Ding-Hsiang Lin Coauthored a Paper on Anaerobic Wastewater Treatment in Chemical Engineering Journal
Ding-Hsiang (Shawn) Lin (Georgia) coauthored a paper entitled "Long-Term Evaluation of the Effect of Peracetic Acid Solution on Anaerobic Wastewater Treatment: Process Performance and Microbial Community Structure," published in the Chemical Engineering Journal in Volume 436 on May 15, 2022.
Xiaoguang Liu was the lead author, and additional coauthors were Jinchen Chen and Spyros Pavlostathis.

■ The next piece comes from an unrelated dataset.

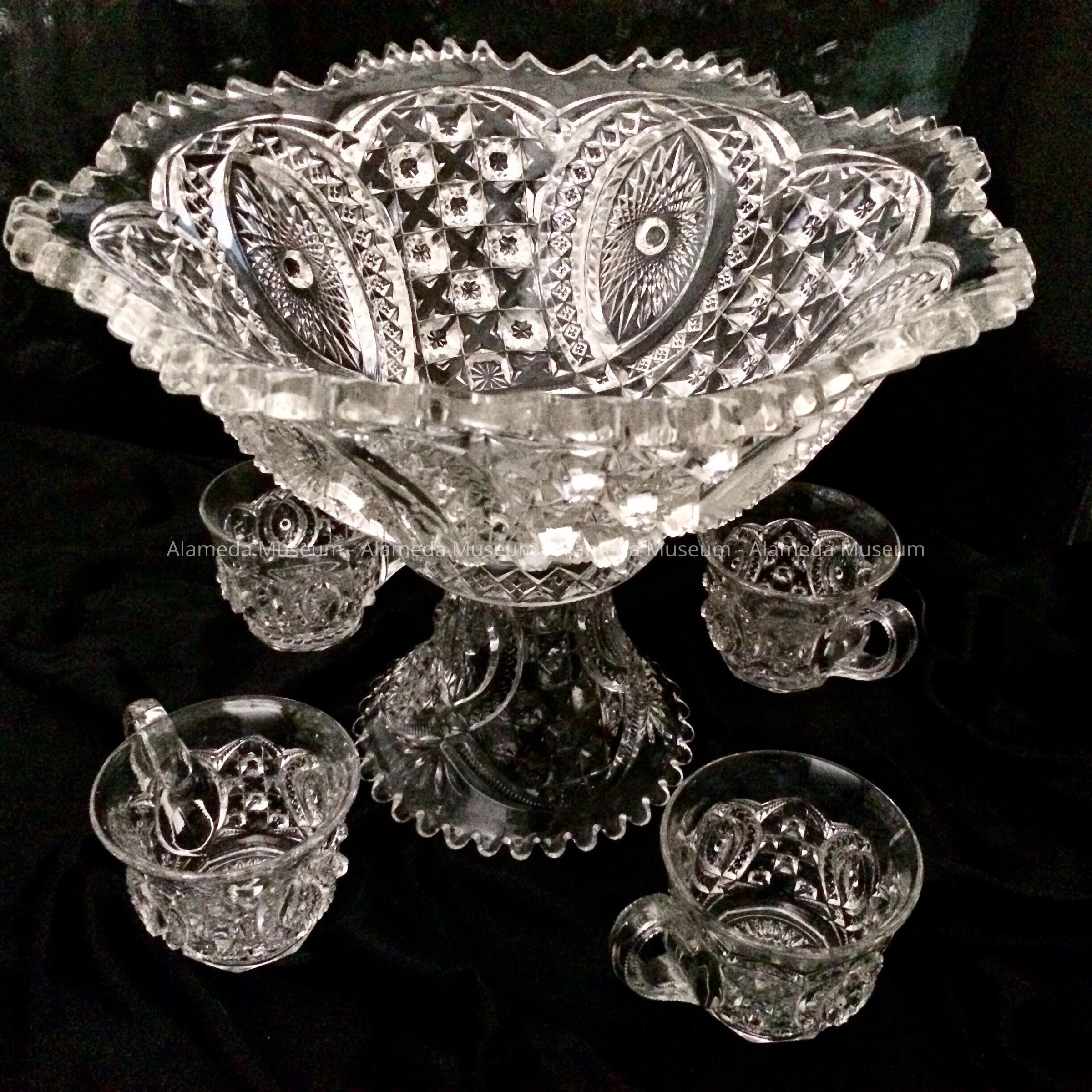 Pressed-glass punch bowl with cups by Northwood, early 1900sEntry/Object ID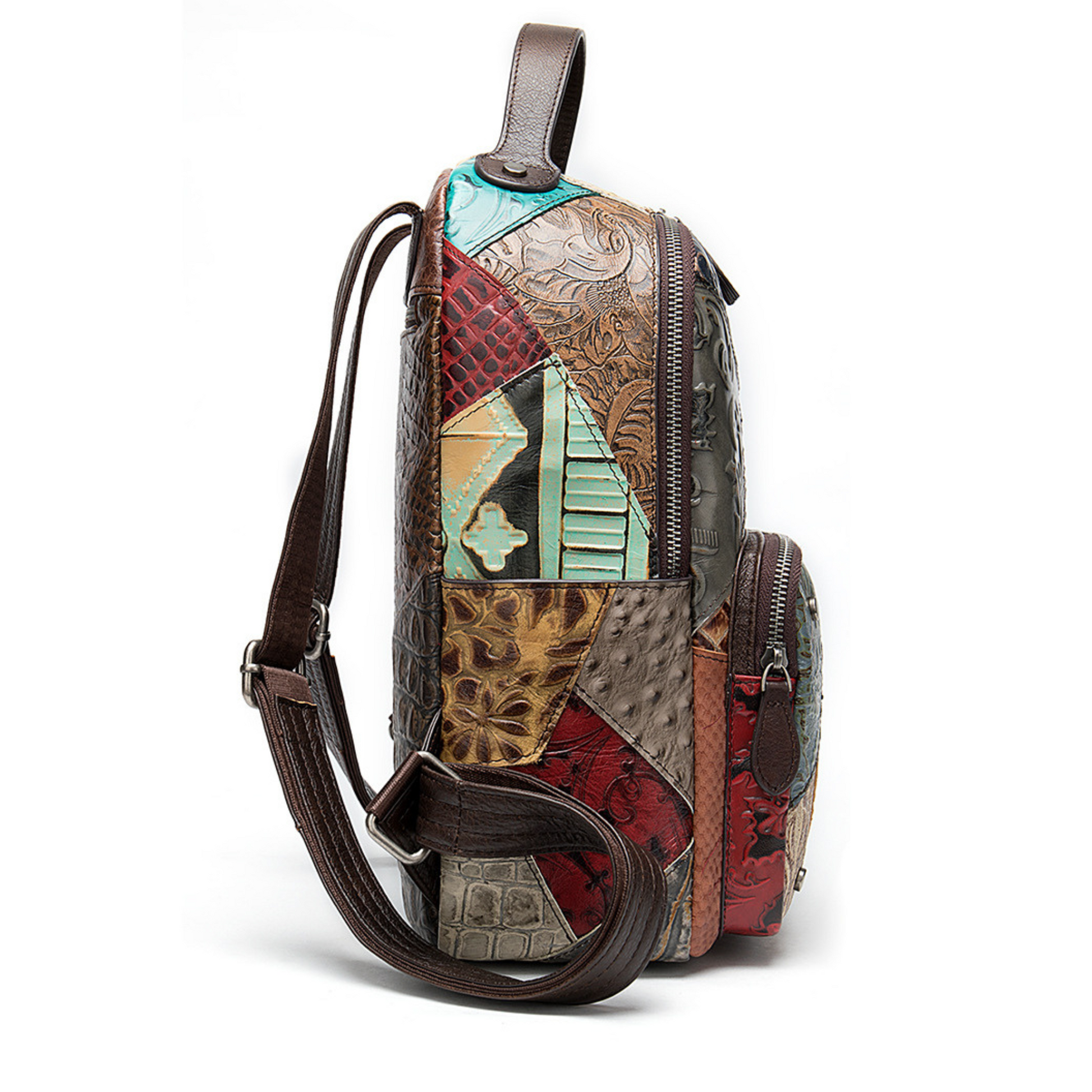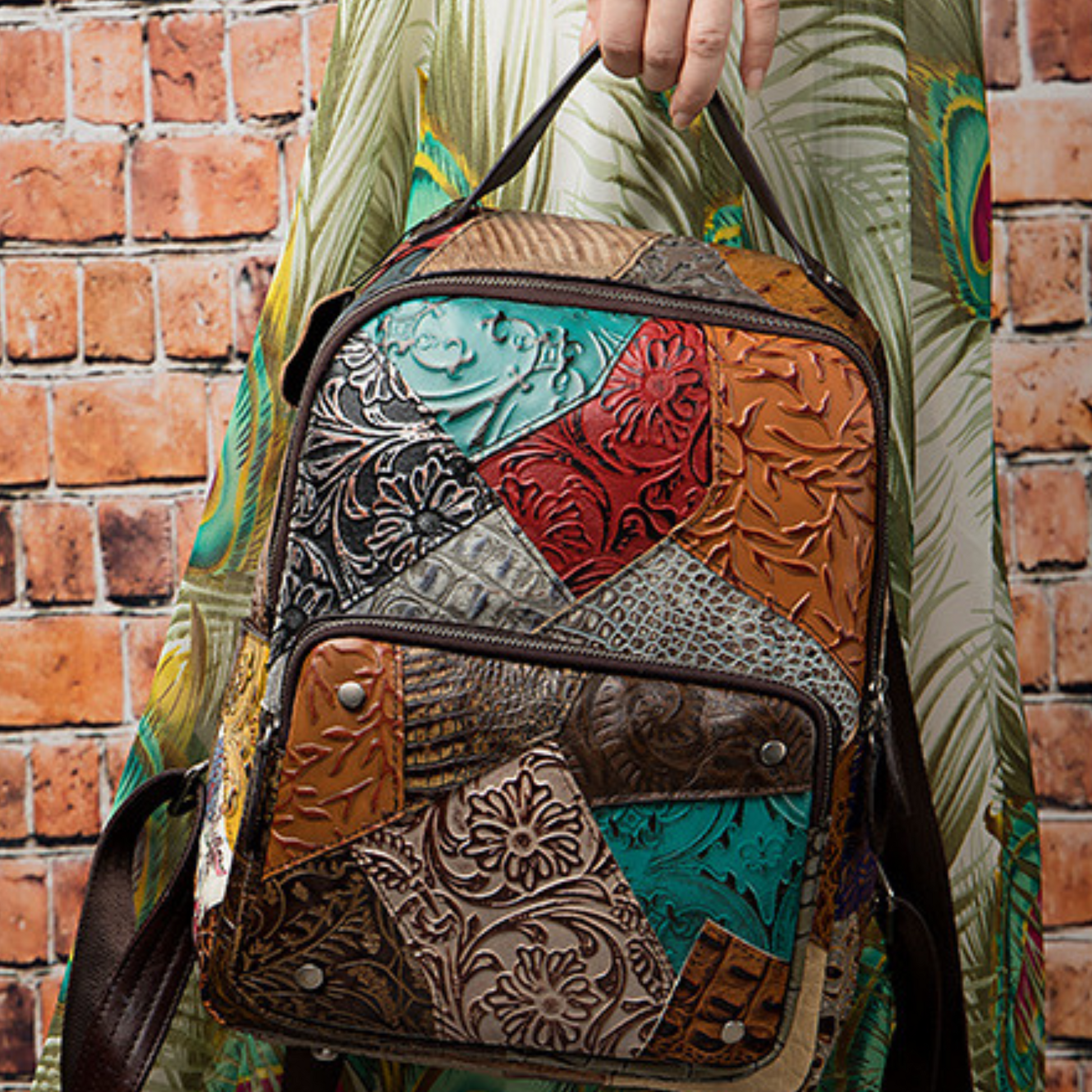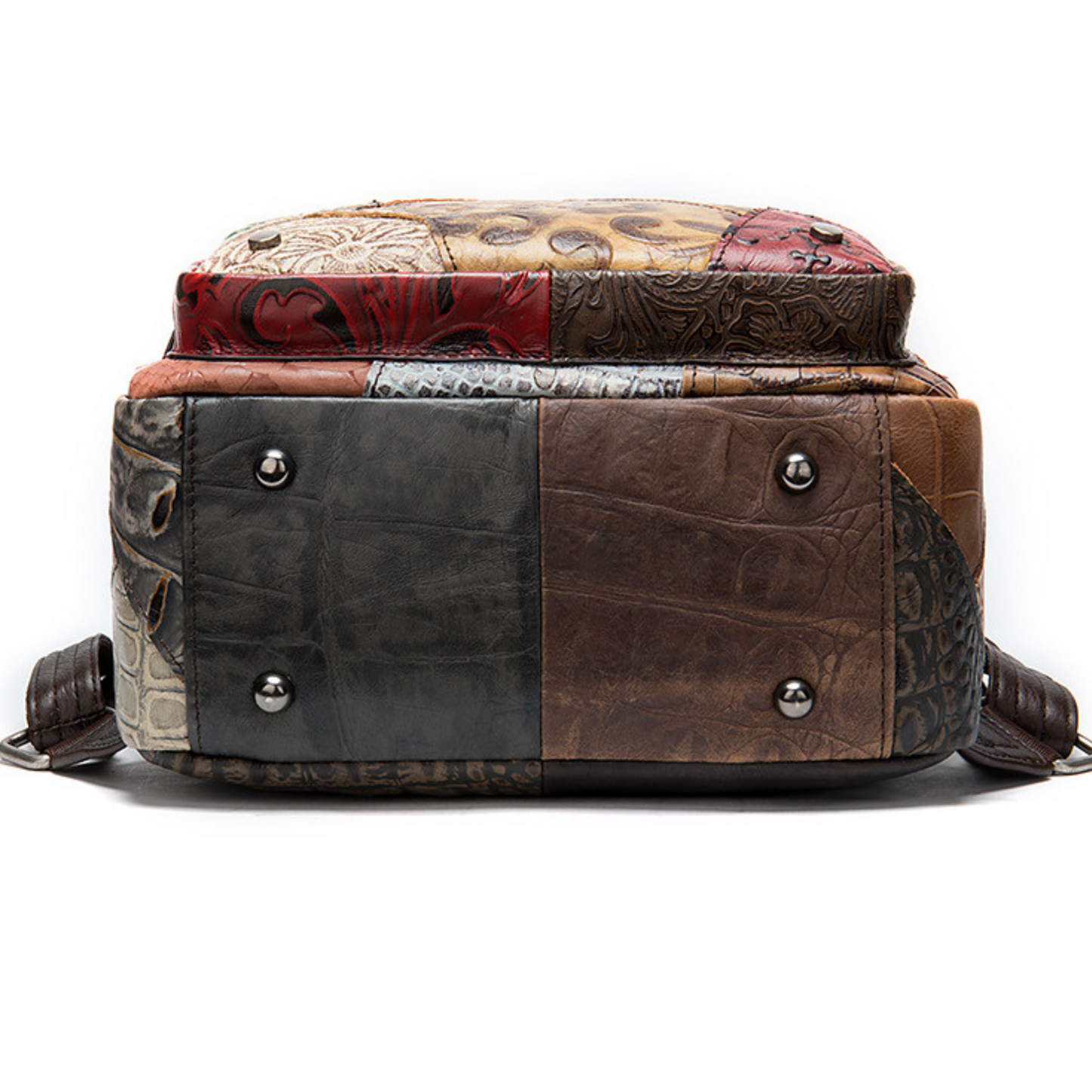 Introducing the latest standout from the Leather of Life range by BrandsByG—a large traditional-style backpack designed for those who love both space and statement. Handcrafted from genuine Italian leather, this backpack features an eye-catching patchwork of embossed and coloured panels, giving each bag a completely unique, artisan-finished look.

Ding-Hsiang (Shawn) Lin is a Senior Environmental and Process Engineer who focuses on remedial technology design and implementation, water and wastewater treatment system design and optimization, data analysis and visualization, reporting, and laboratory and field experimentation. Shawn is skilled in hydraulic modeling for leachate and groundwater extraction and for conveyance systems.

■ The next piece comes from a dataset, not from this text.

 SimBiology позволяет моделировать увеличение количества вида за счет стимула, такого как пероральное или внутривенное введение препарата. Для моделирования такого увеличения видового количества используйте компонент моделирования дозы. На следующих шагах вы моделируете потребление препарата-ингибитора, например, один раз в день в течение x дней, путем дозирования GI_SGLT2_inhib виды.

The Chemical Engineering Journal is an international research journal that publishes papers dealing with chemical reaction engineering, environmental chemical engineering, and materials synthesis and processing. The journal provides an international forum for the presentation of original fundamental research, interpretative reviews and discussion of new developments in chemical engineering.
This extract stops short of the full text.